3. If a customer buys F, he has a high propensity to also buy H.
4. If a customer buys I, there is very small that he will also buy H.
The arrangement of items should flow from these rules in order to maximize the sales.
Graphical representation of market basket analysis makes the interpretation of the entire puzzle of “probabilities/conditional probability/lift above random events” much simpler than a tabular format. This simplification can be more appreciated when we have a large number of transactions and product list.
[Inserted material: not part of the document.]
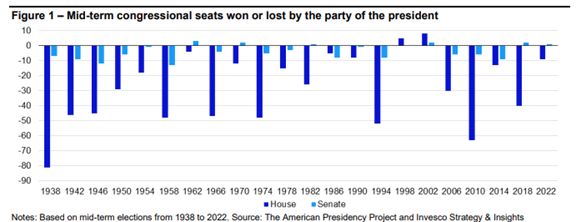 Die Mehrheit der Republikaner in beiden Kammern des US-Kongresses hat es Präsident Trump ermöglicht, seine politische Agenda umzusetzen. Am 3. November 2026 finden in den USA jedoch Zwischenwahlen statt, bei denen die Partei des Präsidenten in der Regel Sitze in beiden Kammern verliert (sh. folgende Abbildung). Die einzigen Ausnahmen von dieser Regel für das Repräsentantenhaus waren die zweite Amtszeit von Bill Clinton und die erste Amtszeit von George W. Bush (als beide in den Gallup-Umfragen Zustimmungswerte von über 60% hatten). Dass das Repräsentantenhaus an die Demokraten geht, ist praktisch Konsens (die Republikaner haben nur 220 Sitze, also nur zwei mehr als die für eine Mehrheit erforderlichen 218 Sitze). Ein Kontrollwechsel im Senat erscheint schwieriger, da die Demokraten hier vier der 22 zur Wahl stehenden Sitze der Republikaner gewinnen müssten (nur 35 der 100 Senatoren stehen 2026 zur Wiederwahl). Das ist eine große Hürde. Angesichts sinkender Umfragewerte könnte Präsident Trump 2026 verstärkt auf machtpolitische Initiativen setzen, um die Abkehr von den Republikanern aufzuhalten – Beispiele sind Venezuela, Grönland oder die ins Spiel gebrachte Aufstockung des Verteidigungsetats um 50%.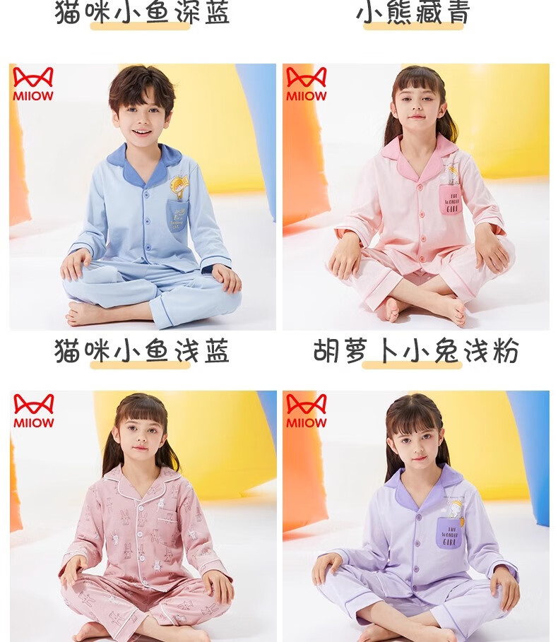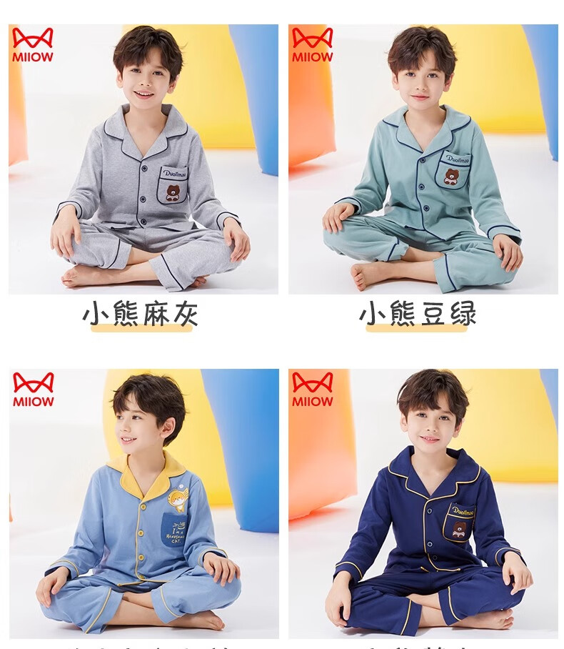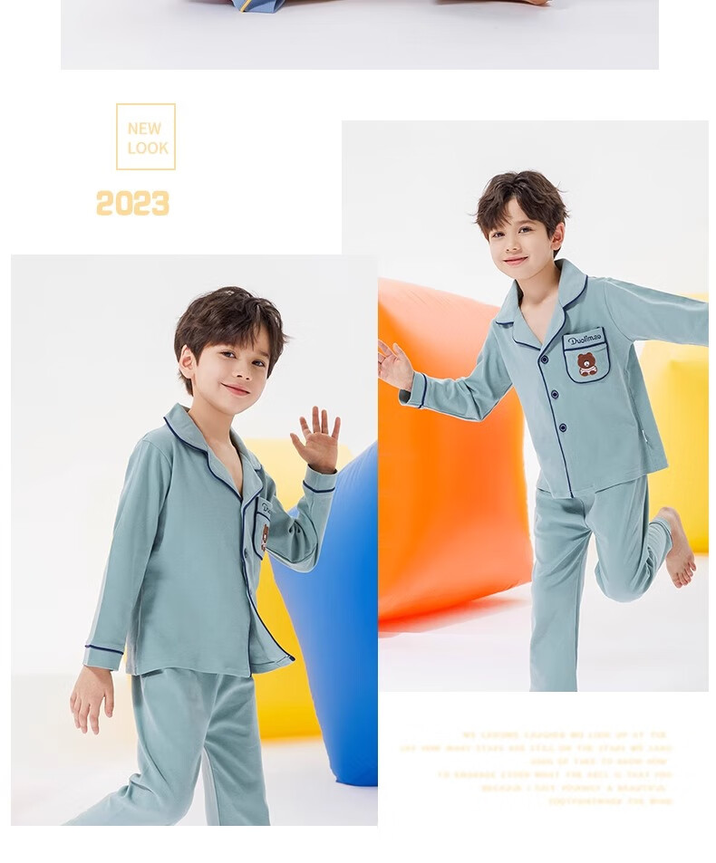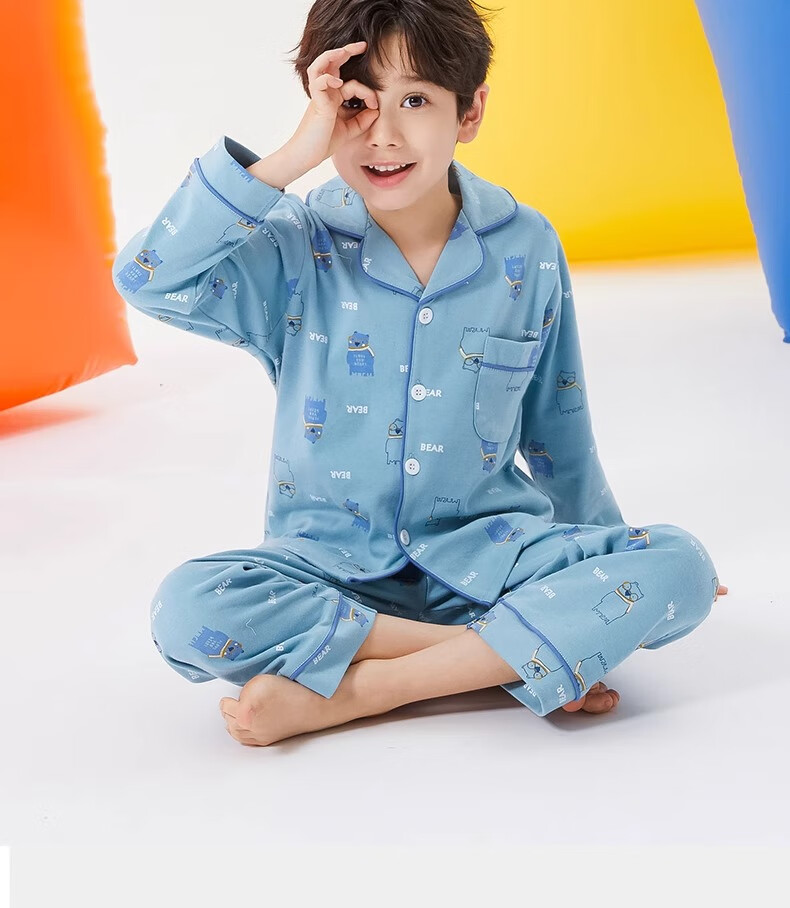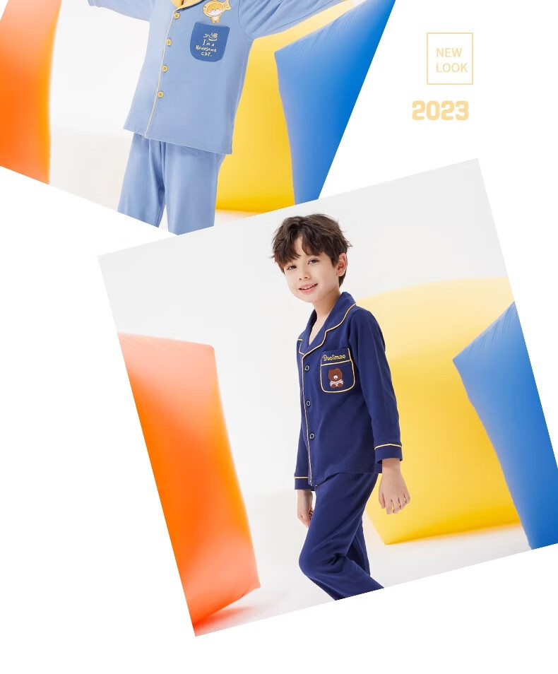 Catman children's pajamas, boys' pure cotton long-sleeved suit, autumn and winter style, medium and large children's cardigan, boy's cotton, can be worn outside the house, cat fish light blue pure cotton two-piece suit 160 Height 141-150丨70-93Jin Jin is equal to 0.5 kg

In case of large lists, we can simply find out using the dimension of product sign and width of the line connecting them to infer out simple rules which otherwise were buried in a matrix of complex probabilities.
Have you ever visualized relationships in a market basket analysis? If you did, what algorithm did you use? Did you find the article useful? Did this article solve any of your existing dilemma?
Which tool did you use to write that code ?
I used R for this application.
Hi Tavish, Excellent work. You could also try the arulesViz package which provides network visualizations Example subrules2 <- head(sort(rules, by="lift"), 10) plot(subrules2, method="graph",control=list(type="items")) there are more control parameters which you can read about and apply if required.
Thanks Clarence for sharing the additional code.
Well done, thank you for sharing! Two minor corrections may be in order: -Refer to nine (9) products/vectors rather than eight (8)? -Rule four above is about I -> E, not I -> I? Thanks!
Thanks Maurice, You are right. Both the changes have been made.